In vivo biocompatibility of the magnetic scaffold
The prospective application of the MG for sciatic nerve regeneration suggested that this biomaterial would be sutured intimately with nerves. Therefore, the study of the biomaterial–tissue response of the MG with the sciatic nerve was performed. In detail, the non-MGs and the MGs (2.0 mm in diameter, 15 mm in length) were sterilized and disinfected for 30 min under ultraviolet ray, and then incubated in 0.9% saline solution before implantation.
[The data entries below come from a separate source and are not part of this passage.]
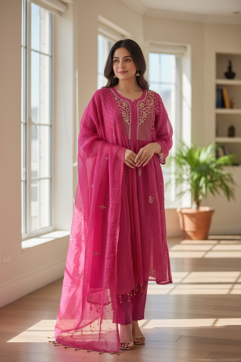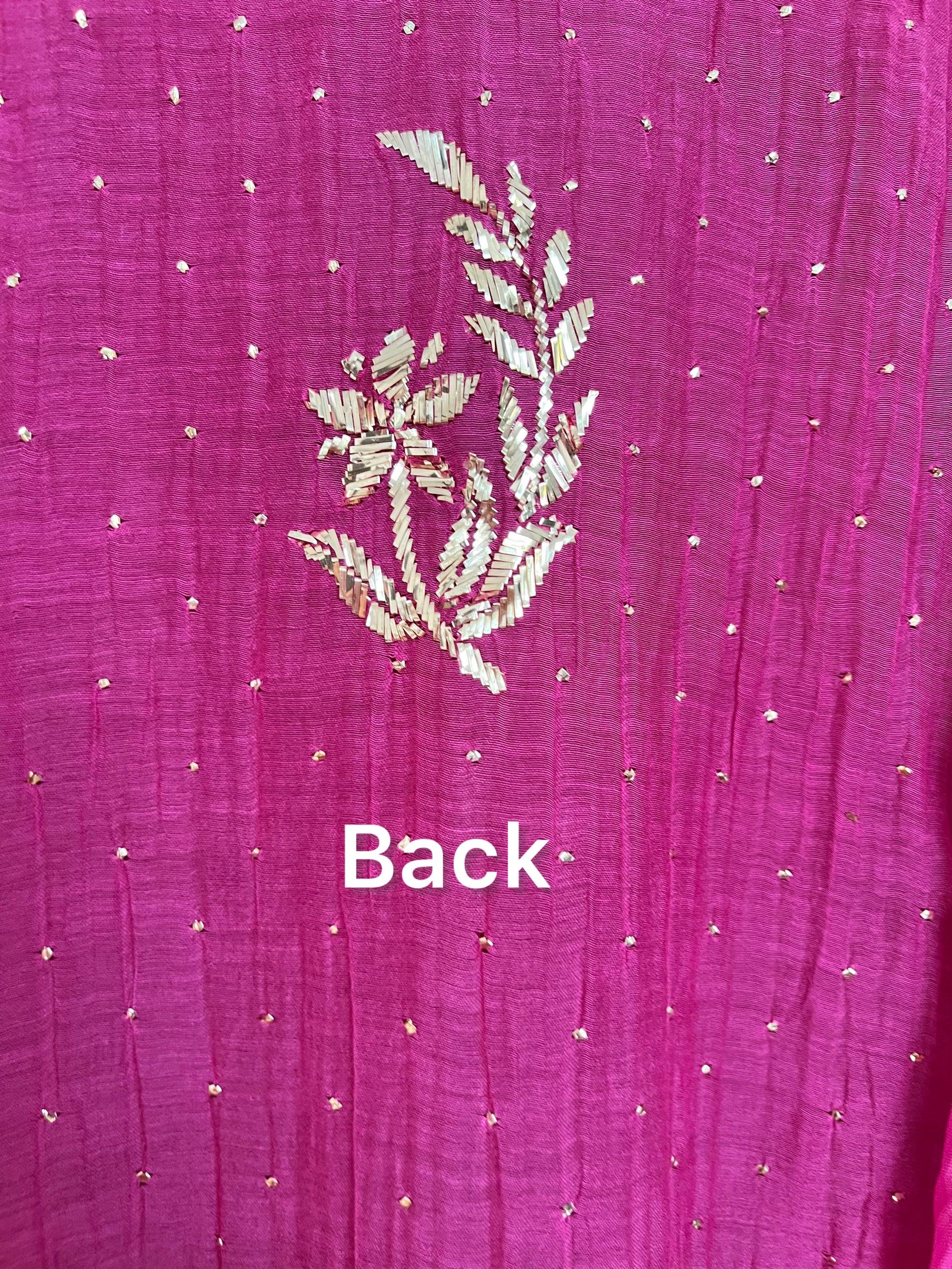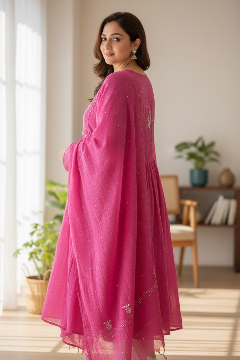 A timeless Magenta Mul Chanderi Bhopali Peshwaz embellished with hand-done Mukaish work. Lightweight, elegant, and perfect for festive evenings or intimate celebrations.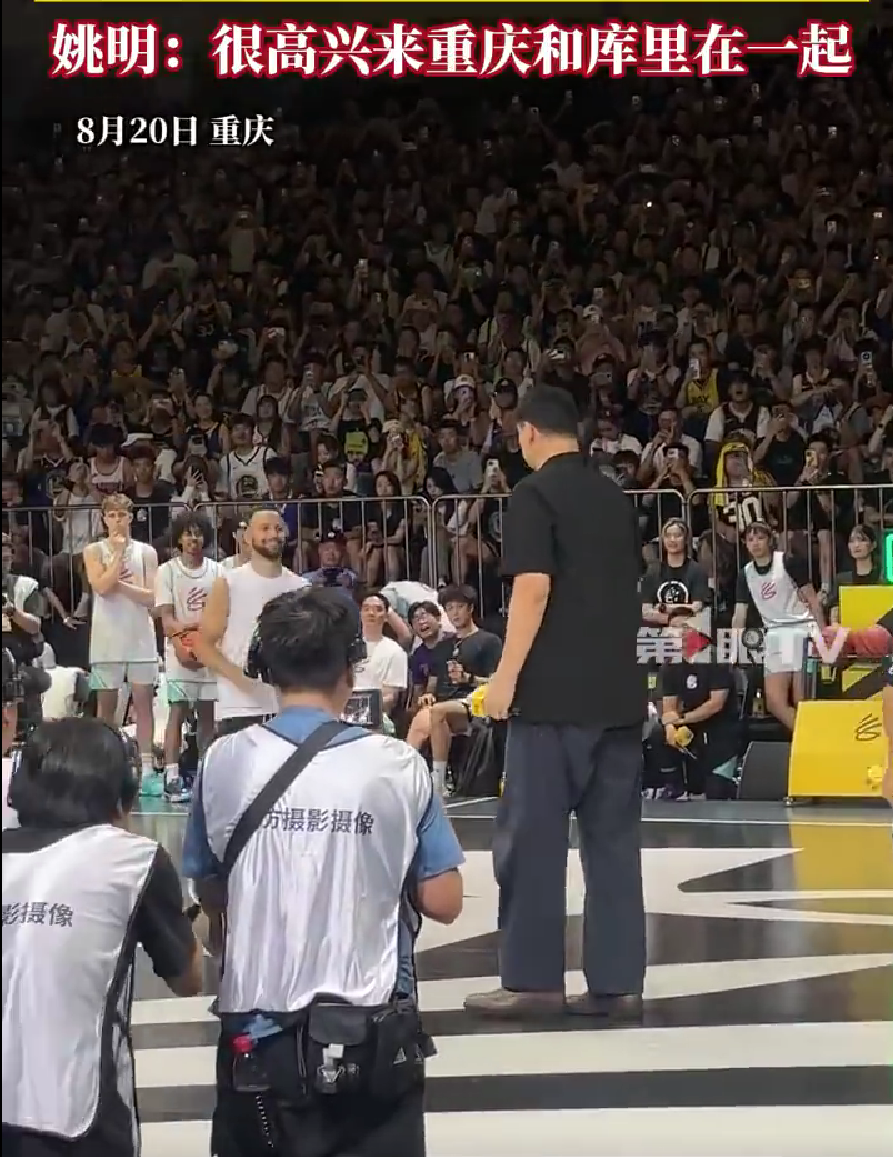 8月20日,重庆国博中心,“库中锋”和姚中锋世纪同框,神秘嘉宾姚明惊喜空降,现场球迷热情欢呼!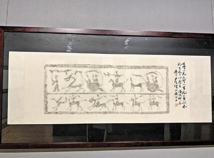整個(gè)展覽分為“集印為詩”“詩意丹青”“我拓我家”三個(gè)主題板塊。以書法、拓片、山水畫等形式,豐富立體地展示了侯家三人多年來的藝術(shù)創(chuàng)作歷程。其中,“集印為詩”主要展現(xiàn)了侯軍多年來用收集的印章印文組合創(chuàng)作而成的一首首詩詞,以及諸位書家創(chuàng)作的詩書畫印作品?!拔彝匚壹摇眲t主要呈現(xiàn)了侯軍夫人李瑾平日以家為主題創(chuàng)作的傳拓作品,其中大部分皆由各地著名書畫家題跋或配畫,形式新穎,雅俗共賞。據(jù)了解,李瑾鐘情于傳統(tǒng)書畫,喜愛戲曲及民間剪紙,尤其喜歡傳拓藝術(shù)。在“詩意丹青”主題中,則集中展示了侯軍女兒侯悅斯所創(chuàng)作的優(yōu)美詩詞,并由畫家田耘、書法家朱德玲等以詩詞為題,創(chuàng)作書畫作品,構(gòu)成詩書畫印相交融的藝術(shù)呈現(xiàn)。

All animal procedures were performed under the approval and guidance of the Institutional Ethical Committee of Fourth Military Medical University. Twenty-four male adult Sprague Dawley rats weighing 220–250 g (obtained from the Laboratory Animal Center of Fourth Military Medical University) were randomly divided into two groups, that is, the non-MG group and the MG group. All rats were anesthetized with a 3.6% chloral hydrate solution (10 mL/kg, intraperitoneal). Under sterile conditions, the exposure of the left sciatic nerve of the animal was performed under an operating microscope and the scaffolds were placed on top of the sciatic nerve. The muscle layer was then stitched with 4-0 sutures and the skin was closed using 6-0 sutures. After surgery, the rats had access to food and water ad libitum. The animals were sacrificed at 1 and 12 weeks postimplantation. Tissue samples of intact implants were harvested en bloc for histologic analysis. The samples were immersed in 4% paraformaldehyde in 0.1 M PBS for 2 weeks at 4°C. Then, five longitudinal sections per specimen were prepared and subjected to hematoxylin and eosin staining to evaluate the biocompatibility of the MG. Histology images were photographed using a light microscope (AH3; Olympus Corporation, Tokyo, Japan).
MF stimulation system
The MF stimulation system consisted of an arc-shaped magnet twined with enamel-coated copper wire (1.00 mm diameter) and an MF producer to generate MFs with a proper frequency of 0–100 Hz and an intensity of 0–20 mT. The MF producer (GHY-III, patent ZL02224739.4; Fourth Military Medical University, Xi’an, China) was connected to the magnet to generate an open-circuit wave shape of MF. A Gaussmeter (Model 455 DSP; Lake Shore Cryotronics) was used to measure the accuracy of the MF output. A small 2 Ω resistor was properly placed in series connection, and the output frequency and the waveform were visualized on an oscillograph (6000 series; Agilent Technologies, Santa Clara, CA, USA). The frequency of MF was set to 50 Hz, as applied in previous experiments.25–27
SCs’ culture and preparation
SCs were isolated and purified following the previously described protocol.28 All the experiments were undertaken in conformity with the Guide for the Care and Use of Laboratory Animals (National Institutes of Health publication No 85-23, revised 1985).29 In brief, the sciatic and brachial plexus nerves of 2-day-old Sprague Dawley rats (obtained from the Experimental Animal Center of Fourth Military Medical University) were severed, and SCs were harvested and further sorted out from fibroblasts by adding a combination of rabbit complement and fibronectin-specific antibody. The purity of SCs was confirmed by double immunofluorescent staining with antibodies against Sox-10 (green, 1:250; Abcam, Cambridge, MA, USA) and S-100 (red, 1:250; Abcam). The number of Sox-10-and S-100-positive cells and 4′,6-diamidino-2-phenylindole–labeled cells was compared. SCs were incubated in DMEM/nutrient mixture F-12 (Thermo Fisher Scientific, Waltham, MA, USA) consisting of 15% fetal bovine serum (Thermo Fisher Scientific), antibiotics (100 μg/mL streptomycin and 100 UI/mL penicillin), 20 μg/mL bovine pituitary extract (Biomedical Technologies, Stoughton, MA, USA), and 2 μM/mL forskolin (Sigma-Aldrich) at 37°C in a humidified, 5% CO2 atmosphere.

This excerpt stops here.